Calculating critical path of a DAG in C++

I'm doing the calculation of the critical path for the DAG of the image, according to this algorithm for another post.My teacher requires that aarray be implemented, I simplify the homework statement, a simple graph implemented through arrays.

This es my code in which I have 3 arrays v, u and d, representing the origin node of the edges, the end node of the edges and the distance between each pair of vertices, as shown in the picture above. in the graph of the image, the duration of the project is equal to 25 corresponding to the sum of distances from the critical path.

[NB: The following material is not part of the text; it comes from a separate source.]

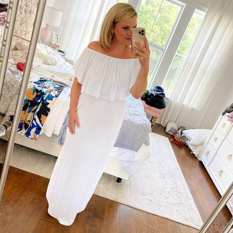 I’ve ordered several other shorter dresses from this brand and the quality has always been great so I knew I would be golden there, but I’ve got to say, I love the print and the fit of this maxi a little bit more than the shorter ones. It’s another one that’s under $30. It runs tts and I’m wearing a medium.

My code fails to make good the calculation of distances according to the pseudocode of this link

#include <stdio.h>
#include <stdlib.h>
#include <string.h>
#include <queue>
#include <iostream>
#include <algorithm>

using namespace std;

int main (){


    int numberVertex=6; //number  of vertex
    int numberActivities=9;//number of edges
    int i, j;

    /*vertices are of the form (v, u) */
    //indegree of each vertex (that is, count the number of edges entering them) 
    int indegree [6]={0,0,0,0,0,0};

    int v[9]={0,0,1,1,2,4,3,3,3};//array v represent the starting vertex of de edge 
    int u[9]={1,2,2,3,4,5,4,5,5};//array u represent the coming vertex of de edge 
    int d[9]={5,6,3,8,2,12,0,1,4};//array d represent the time of de activity (v,u)
    int project_duration=0;//project duration


    /*# Compute the indegree for each vertex v from the graph:
    for each neighbor u of v: indegree[u] += 1*/
    for (j=0; j<numberActivities; j++){
        indegree[u[j]]++;
    }

    for (j=0;j<numberVertex; j++)
        printf ("indegree %d= %d\n",j,indegree[j] );

    queue<int> Q; //queue Q = empty queue
    int distance [numberVertex];
    memset(distance, 0, sizeof(int) * numberVertex);//distance = array filled with zeroes

    //for each vertex v:
    //if indegree[v] = 0:
    //insert v on Q
    for (j=0; j<numberVertex; j++)
    {
        if (indegree[j]==0)
            Q.push(v[j]);
    }

    int first;

    //printf ("first in the queue=%d\n", Q.front());

    /*for each neighbor u of v:
    d istance[u] = max(distance[u], distance[v] + time(v, u))
    indegree[u] -= 1
    if indegree[u] = 0:
    insert u on Q
    */
    while (!Q.empty()){ //while Q is not empty:
        first= Q.front ();  //v = get front element from Q
        Q.pop(); //delete de first from queue
        distance[u[first]]=std::max(distance[u[first]],
            distance[v[first]]+ d[first]);
        indegree[u[first]]-=1;

        if (indegree[u[first]]==0){

            Q.push(u[first]);
        }
    }



    for (j=0; j<numberVertex; j++)
    {
        printf ("dist [%d]= %d\n", j, distance[j]);
    }
    /*Now, select the vertex x with the largest distance. 
    This is the minimum total project_duration.*/
    printf ("Total Project Duration %d\n", project_duration);


    return (0);

}

What am I doing wrong or how it could solve the c开发者_StackOverflow中文版ode to tell me what is the duration of the project (corresponds to the sum of distances from the critical path)?. only able to calculate the distance to the first 3 vertex.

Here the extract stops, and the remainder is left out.